(Collected data)
-------

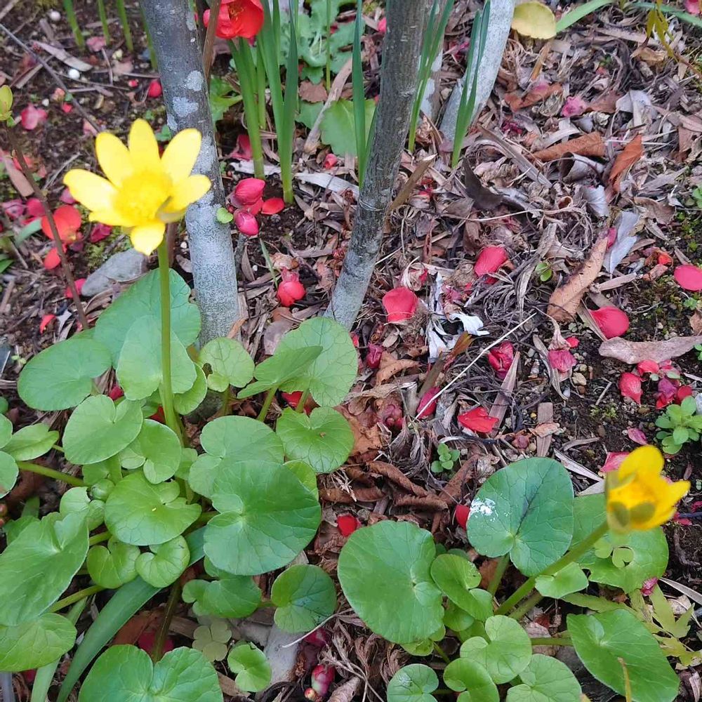 木瓜の下には出どころ不明のリュウキンカ。ツヤツヤな花弁が綺麗。
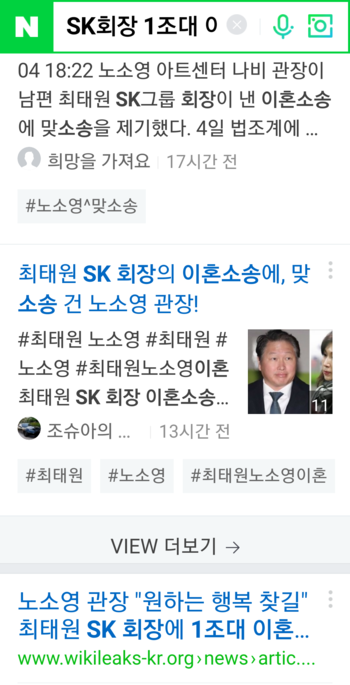 SK회장 1조대 이혼소송 : 네이버 통합검색
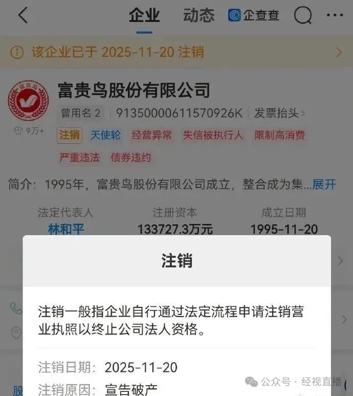11月24日消息,天眼查APP显示,日前,富贵鸟股份有限公司(下称富贵鸟)登记状态由存续变更为注销,注销原因为宣告破产。
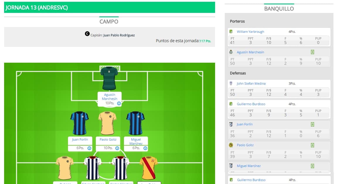 La J13 del Univision Deportes Fantasy llegó a su fin, arrojando como ganador a Andresvc, quien logró sumar 117 puntos en su equipo.
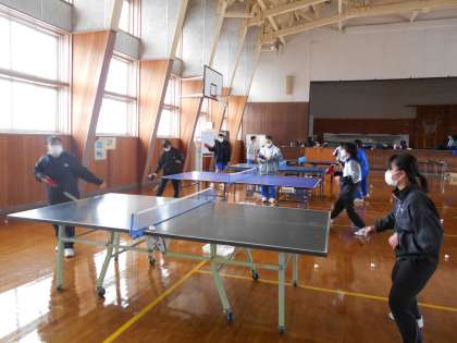 休日の部活動〜卓球部〜 公開日 2022/01/15 更新日 2022/01/15 山室中学校のページ 1月15日(土) 卓球部は、自分たちのやるべきことがしっかり分かっていて段取りよく練習を進めています。黙々と打ち合いをしています。
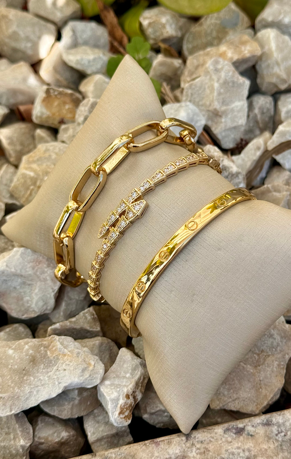 Kit com 2 braceletes e 1 pulseira deslumbrantes, combinando sofisticação e versatilidade em cada detalhe. O conjunto traz o brilho intenso do dourado aliado a designs icônicos: um bracelete de elos robustos, um modelo cravejado com pedras que refletem a luz com elegância e um clássico minimalista de acabamento polido. Perfeitos para usar juntos em um mix luxuoso ou separadamente para um toque sutil de estilo, esses braceletes elevam instantaneamente qualquer look, do casual ao sofisticado.
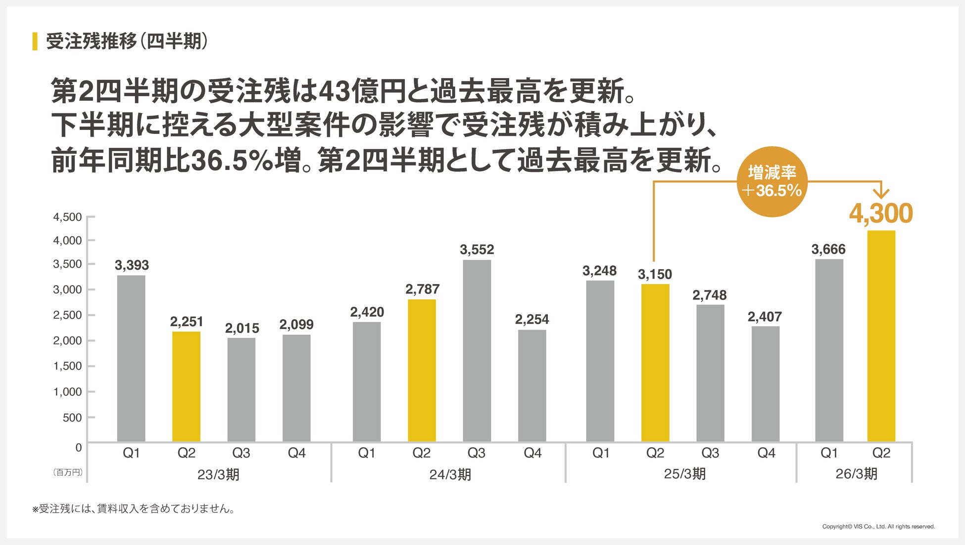 下半期に抱える大型案件の影響で受注残が積み上がり、第2四半期の受注残は前年同期比+36.5%増の43億円と過去最高を更新しました。下半期以降の売上に対する予見性が高まっています。
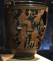 Voici encore Dionysos sur une « nestoris » (Italie du sud, vers -350) avec Eros (le vin passait pour être aphrodisiaque) : Dionysos est étendu sur un lit, face à un satyre, tandis qu’au dessus Eros tient dans ses mains un cerceau (filtre d’amour ?).
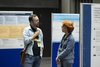 Two academics discussing in front of poster displays during an academic conference at Manchester Metropolitan University.
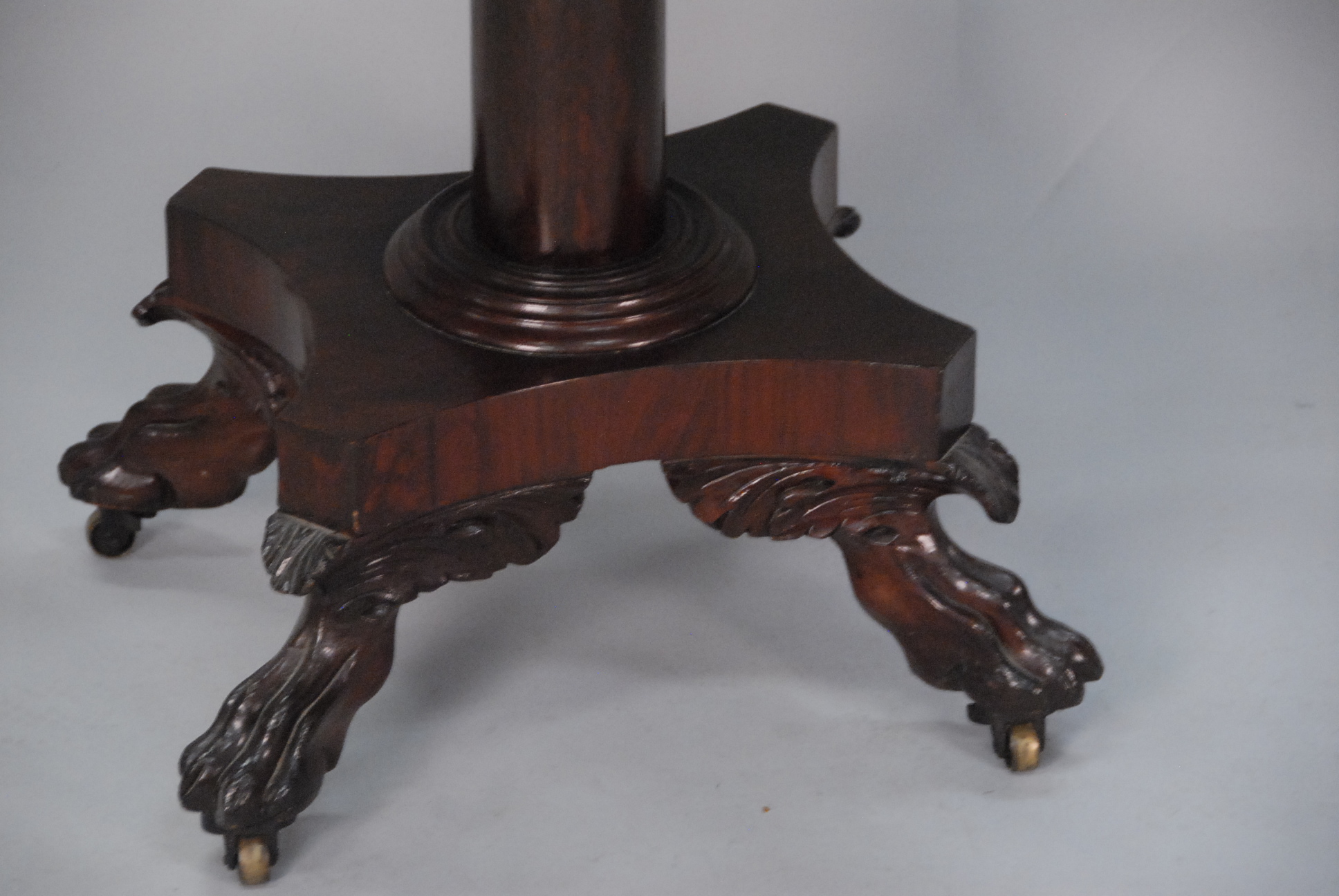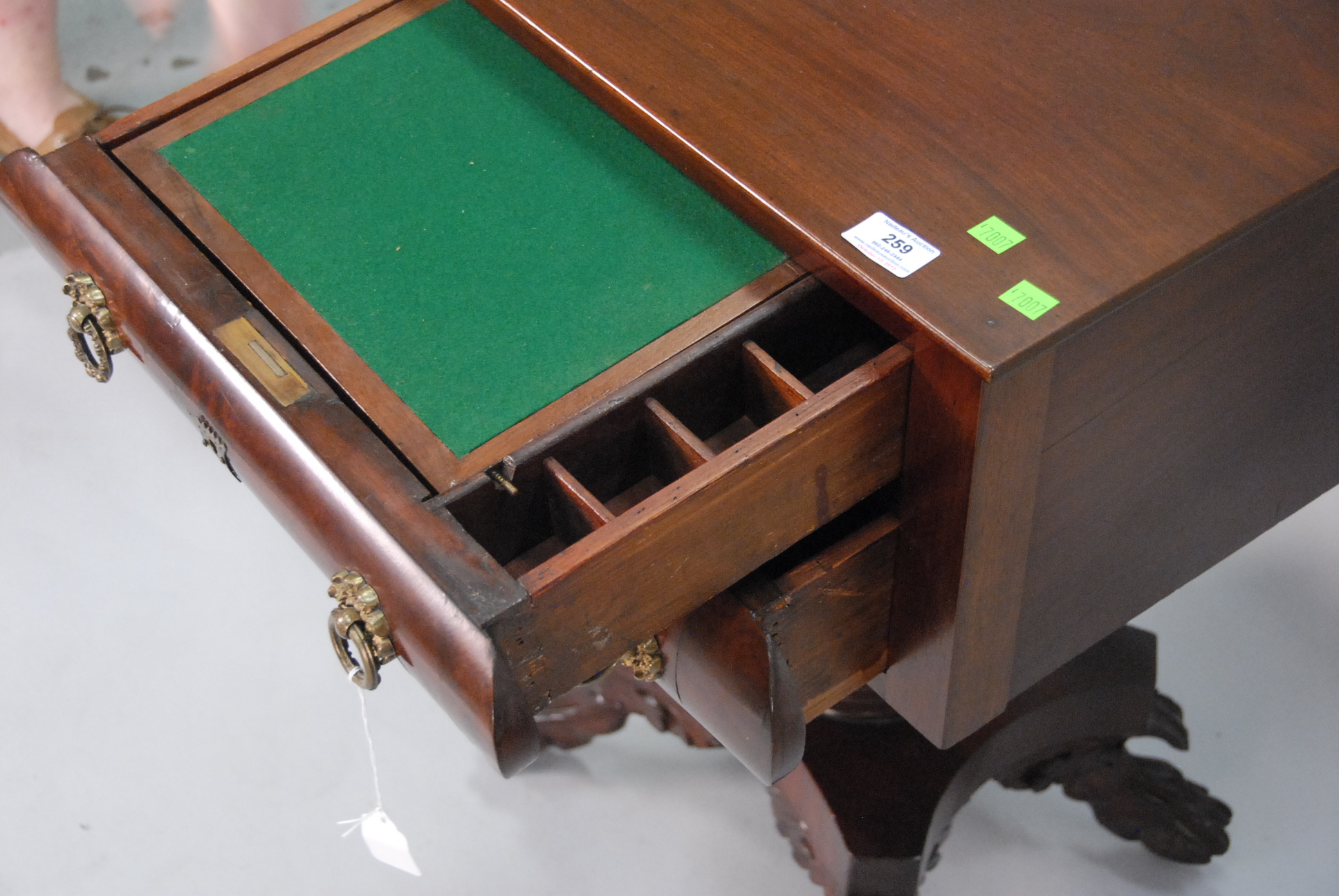Federal mahogany work table with two drawers on turned column on base ending with four paw feet, top drawer with writing surface of felt, circa 1840. ht. 29 1/2in. wd. 18 1/2in.

-------

» WORK TASK:
Leave the pictures out, and restate exactly the lines from the start of the records through the one that contains "下半期に抱える大型案件の影響".

» EXERCISE RESPONSE:
 木瓜の下には出どころ不明のリュウキンカ。ツヤツヤな花弁が綺麗。
 SK회장 1조대 이혼소송 : 네이버 통합검색
11月24日消息,天眼查APP显示,日前,富贵鸟股份有限公司(下称富贵鸟)登记状态由存续变更为注销,注销原因为宣告破产。
 La J13 del Univision Deportes Fantasy llegó a su fin, arrojando como ganador a Andresvc, quien logró sumar 117 puntos en su equipo.
 休日の部活動〜卓球部〜 公開日 2022/01/15 更新日 2022/01/15 山室中学校のページ 1月15日(土) 卓球部は、自分たちのやるべきことがしっかり分かっていて段取りよく練習を進めています。黙々と打ち合いをしています。
 Kit com 2 braceletes e 1 pulseira deslumbrantes, combinando sofisticação e versatilidade em cada detalhe. O conjunto traz o brilho intenso do dourado aliado a designs icônicos: um bracelete de elos robustos, um modelo cravejado com pedras que refletem a luz com elegância e um clássico minimalista de acabamento polido. Perfeitos para usar juntos em um mix luxuoso ou separadamente para um toque sutil de estilo, esses braceletes elevam instantaneamente qualquer look, do casual ao sofisticado.
 下半期に抱える大型案件の影響で受注残が積み上がり、第2四半期の受注残は前年同期比+36.5%増の43億円と過去最高を更新しました。下半期以降の売上に対する予見性が高まっています。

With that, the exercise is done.